## Entries provided
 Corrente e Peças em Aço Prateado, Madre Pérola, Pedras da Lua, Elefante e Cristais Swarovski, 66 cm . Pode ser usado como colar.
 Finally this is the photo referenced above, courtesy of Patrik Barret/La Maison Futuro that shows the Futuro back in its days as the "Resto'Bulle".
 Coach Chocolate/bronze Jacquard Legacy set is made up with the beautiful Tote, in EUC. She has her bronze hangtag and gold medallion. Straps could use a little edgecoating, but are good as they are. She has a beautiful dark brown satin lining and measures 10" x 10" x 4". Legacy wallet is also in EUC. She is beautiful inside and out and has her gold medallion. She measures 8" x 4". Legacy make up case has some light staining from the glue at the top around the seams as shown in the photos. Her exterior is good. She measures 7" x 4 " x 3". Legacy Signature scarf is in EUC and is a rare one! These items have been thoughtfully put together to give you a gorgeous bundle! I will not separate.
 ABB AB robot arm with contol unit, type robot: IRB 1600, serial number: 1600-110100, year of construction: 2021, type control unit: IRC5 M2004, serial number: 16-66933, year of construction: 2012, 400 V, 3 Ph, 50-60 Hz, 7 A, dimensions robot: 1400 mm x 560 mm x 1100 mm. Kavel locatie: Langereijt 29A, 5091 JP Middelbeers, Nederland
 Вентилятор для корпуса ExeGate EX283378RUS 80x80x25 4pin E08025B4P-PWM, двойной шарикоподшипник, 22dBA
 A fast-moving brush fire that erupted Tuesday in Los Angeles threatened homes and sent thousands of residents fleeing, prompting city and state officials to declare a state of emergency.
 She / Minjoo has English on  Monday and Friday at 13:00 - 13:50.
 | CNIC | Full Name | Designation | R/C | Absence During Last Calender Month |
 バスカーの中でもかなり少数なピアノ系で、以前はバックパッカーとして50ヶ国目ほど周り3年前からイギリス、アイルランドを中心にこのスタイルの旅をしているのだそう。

## What the task asks
Your task is to retype the entries verbatim, starting with the line that holds "A fast-moving brush" and stopping after the line that holds "Calender Month |".

## Solution
 A fast-moving brush fire that erupted Tuesday in Los Angeles threatened homes and sent thousands of residents fleeing, prompting city and state officials to declare a state of emergency.
 She / Minjoo has English on  Monday and Friday at 13:00 - 13:50.
 | CNIC | Full Name | Designation | R/C | Absence During Last Calender Month |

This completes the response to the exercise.